Grainy Continua Versus Categorical Dichotomies

This thought-provoking and ambitious target article courses over more than a century of neuroscience, experimental psychology, and clinical thinking, and it attempts, on the basis of a subliminal perception study, to provide an experimental underpinning to Freud's distinction between primary (Ucs.) and secondary-process (Cs.-Pcs.) functioning.
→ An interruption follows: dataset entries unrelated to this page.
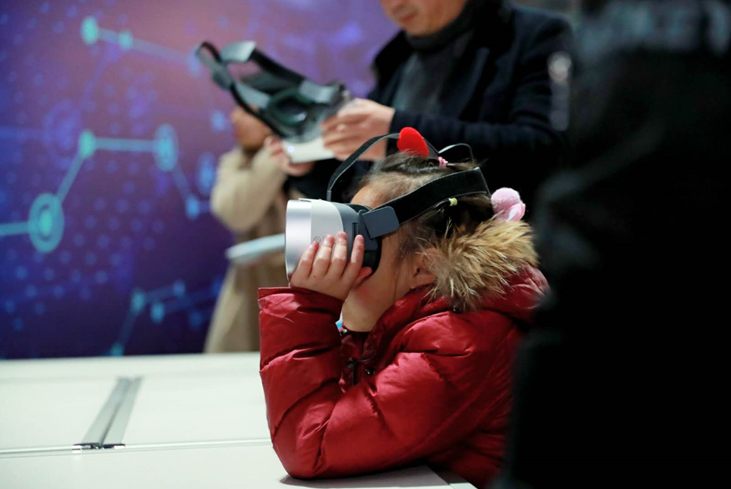 ▲小朋友沉浸在VR所創(chuàng)造的宇宙世界里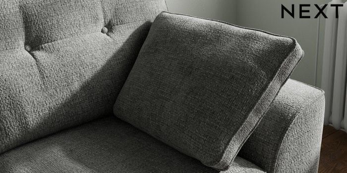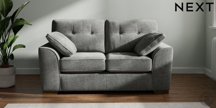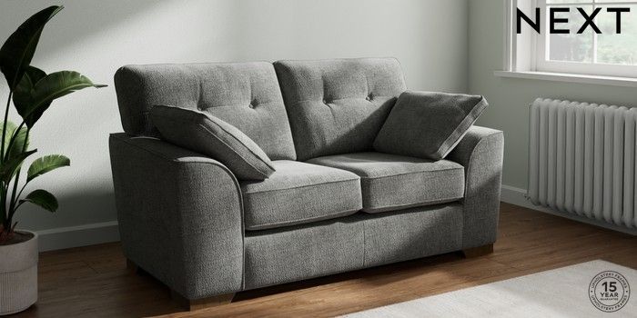 7.2.10 Buy Stamford Buttoned Back 2 Seater Small Sofa Chunky Chenille Dark Grey Large Square Angle - Mid from the Next UK online shop Click here to use our accessible website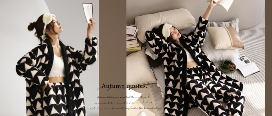 睡衣选用保暖、透气、舒适的面料,3D提花绒面料在穿着舒舒适、柔软、亲肤同时还能够为您添置一份舒适感。
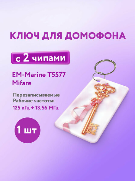 Ключ для домофона с двумя чипами, EM-Marine и Mifare является универсальным решением для доступа в жилые и коммерческие здания. Чип EM-Marine T5577 работает на частоте 125 кГц, а чип Mifare — на частоте 13,56 МГц. Т. к. стандарты разные, то не создают друг другу помех при считывании. Товар собственного производства. Изготавливается в России под брендом KeyBox. Комбинированный RFID-брелок является заготовкой для копирования ключа от домофона. Если не знаете, какой чип установлен у вас, двухформатный брелок выручит. Обратитесь в мастерскую для дублирования вашего домофонного ключа. Благодаря небольшим размерам (2,4 см на 5 см) гибридный брелок удобнее карты доступа. Вы сможете прикрепить его к чему угодно и он всегда будет под рукой. Электронный ключ для домофона EM-Marine + Mifare перезаписываемый. Мастер, используя специальный программатор, перезапишет информацию на чипах, настройки будут обновлены в считанные секунды. Бесконтактный двухчастотный брелок удобен, когда на одном объекте СКУД используются считыватели разных стандартов. Также удобен, если в разных зданиях установлены разные ридеры. Двухформатный ключ становится универсальным, откроет два замка. Например, дверь подъезда и калитку садика. Совместим с большинством моделей домофонов и систем контроля доступа, поддерживающих стандарты Mifare Classic 1K 13.56 МГц и EM-Marine 125 кГц. Вы сможете использовать его не только дома, но и в офисе в качестве электронного пропуска. Двухчиповой брелок водонепроницаемый, устойчив к загрязнению и солнечным лучам. Стильные дизайны в наличии. Данная модель с изображением ключика.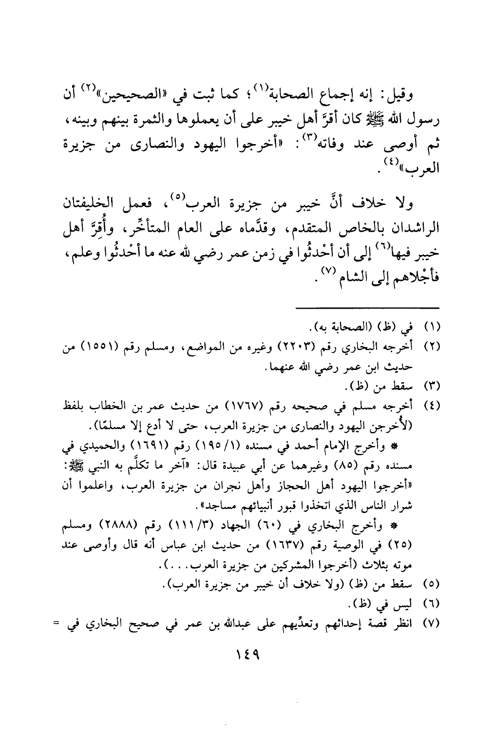 وقيل: إنه إجماع الصحابة (¬1)؛ كما ثبت في "الصحيحين" (¬2) أن رسول الله - صلى الله عليه وسلم - كان أقرَّ أهل خيبر على أن يعملوها والثمرة بينهم وبينه، ثم أوصى عند وفاته (¬3): "أخرجوا اليهود والنصارى من جزيرة العرب" (¬4).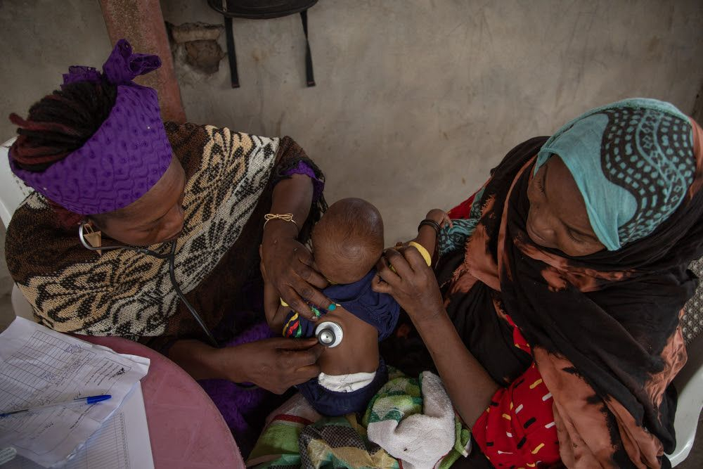 Ιατρικές δραστηριότητες για τον πληθυσμό στο Μασακόρι. Η Ndoungamandji Solange, νοσηλεύτρια των Γιατρών Χωρίς Σύνορα εξετάζει έναν μικρό ασθενή. –Ιανουάριος 2024 -Τσαντ Giuseppe La Rosa/MSF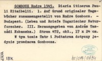 GOMBOCZ Endre 1945 Diaria itinerum Pauli Kitaibelii. 1. Auf Grund originaler Tagebücher zusammengestellt von Endre Gombocz.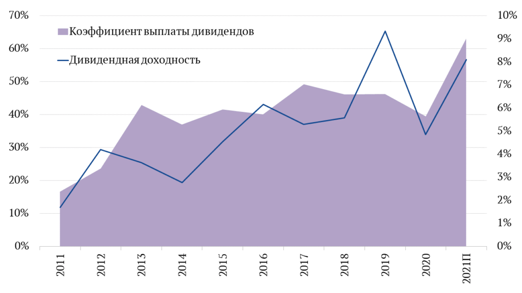 График 1. Коэффициент выплаты дивидендов и дивидендная доходность для индекса MSCI Russia 10/40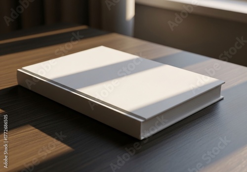 A blank white hardcover book rests on a wooden table bathed in soft window light, casting a shadow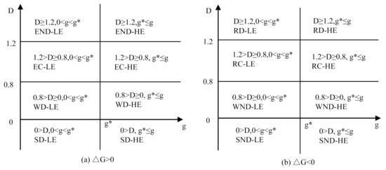 The divisions of decoupling status of the two-dimensional decoupling model. (a) ΔG > 0, (b) ΔG < 0 (g* means the threshold value of per capita GDP).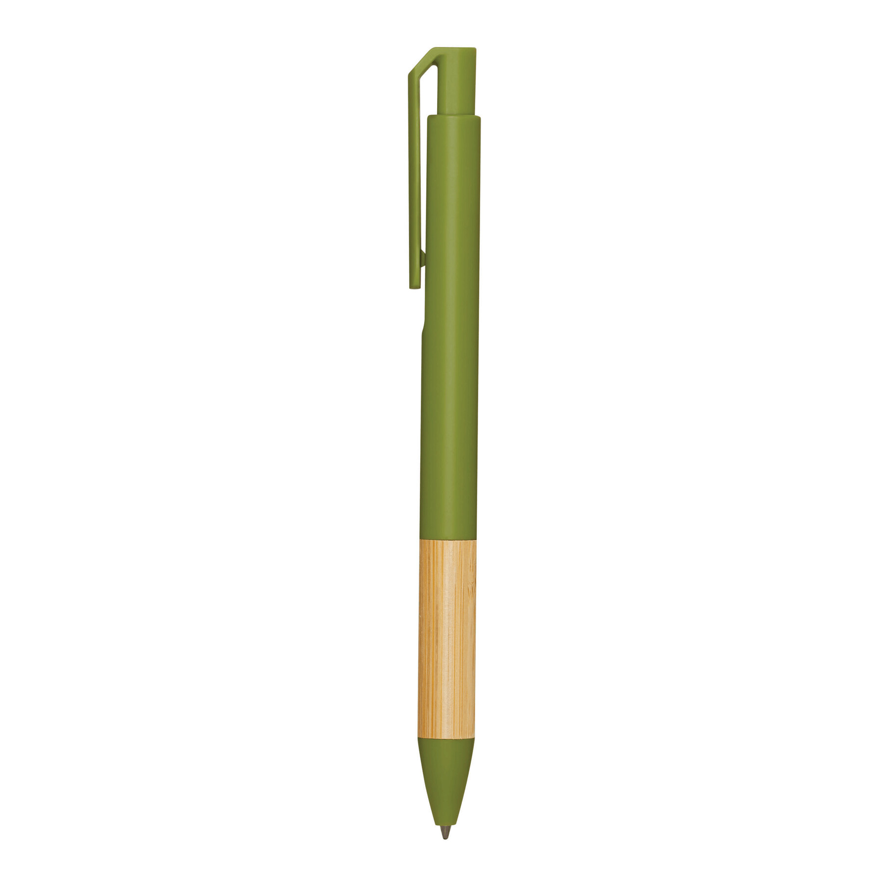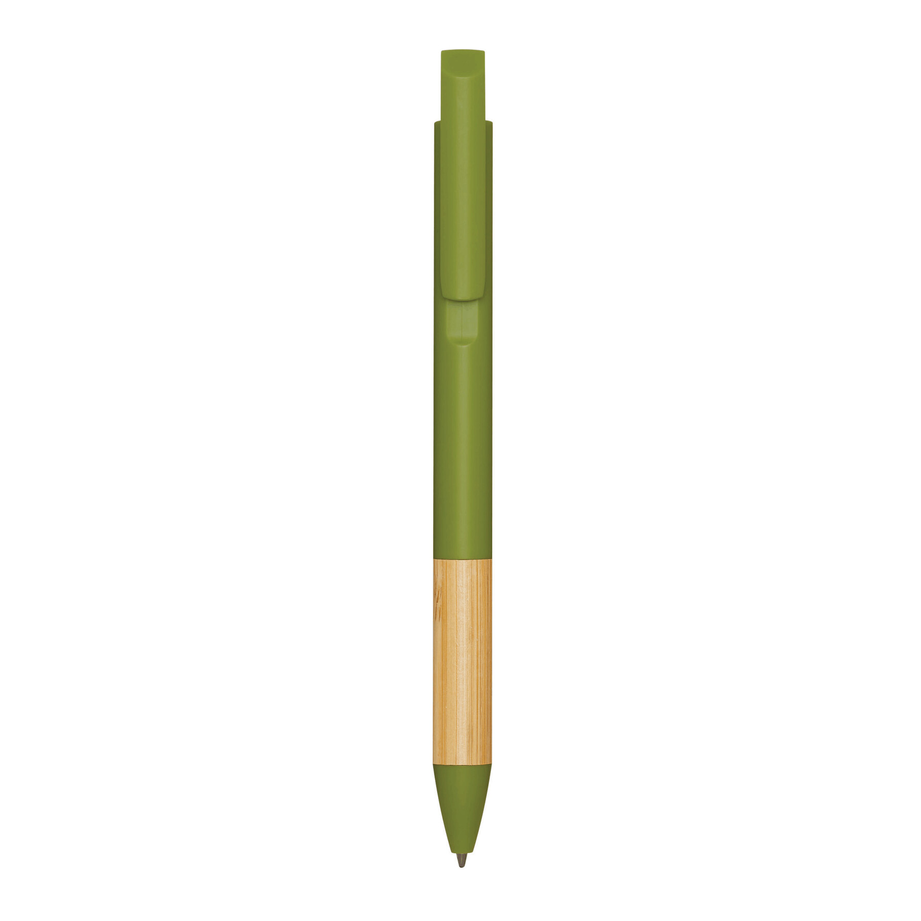 Bolígrafo ANDANTE: cuerpo de plástico reciclado, mecanismo de pulsación, empuñadura de bambú barnizado, tinta azul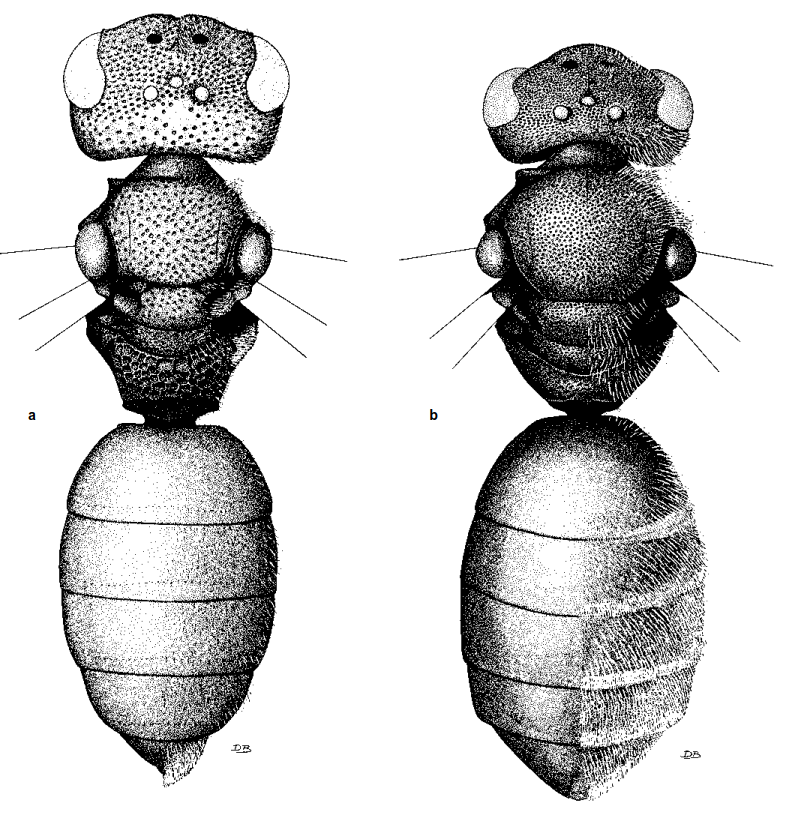 Рисунок 8-2. Сравнение морфологии самок Halictini: а — клептопаразитический вид Sphecodes monilicornis (Кирби) с характерной грубой пунктуацией и сильными дорсолатеральными углами переднеспинки; б — непаразитический вид Lasioglossum malachurum (Кирби). На левой половине каждого рисунка волосяной покров удален. Рисунок Д. Дж. Бразерса из Michener, 1978b.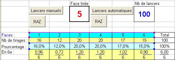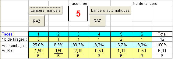 Le bouton RAZ permet d'effacer le contenu du tableau, la cellule de la face tirée ainsi que celle contenant le nombre de lancers pour le lancer automatique.

It is worth underscoring at the outset that what is concretely presented here is only one study that yielded one main effect—a supraliminal forward-priming outcome (e.g., DOG -» CANINE)—and, only with nuanced statistical probing, turned up some interactions between sensitivity (a”) and individual differences (anxiety, repressiveness) in subliminal priming of “palindrome” associates (e.g., DOG -» ANGEL). No replications or extensions of the experiment are provided, and one is left pondering many questions. Can the interactions be produced as main effects? Can the outcomes be obtained at shorter and longer exposures and following different time intervals between stimuli and tests? Do short and long subliminal words produce the effects, and, if so, to the same extent? Does emotionality play a role? (e.g., RAIL vs. LIAR; LIVED vs. DEVIL; LIVE vs. EVIL; MOOD vs. DOOM)? Would anagrams work—and should they not? Would not more psychoanalytic types of measures, such as free-associative fantasy, produce the effects, and, importantly, since free associations can be assessed over time and over different temporal windows, would the effects show interesting temporal dynamics? Should we expect similar findings with pictures—specifically, disinhibited priming effects at low durations? What kinds of effects might be expected with Chinese script (which Freud occasionally mentions) since the “word-forms” (or “Visual word images”: Freud, 1891, p.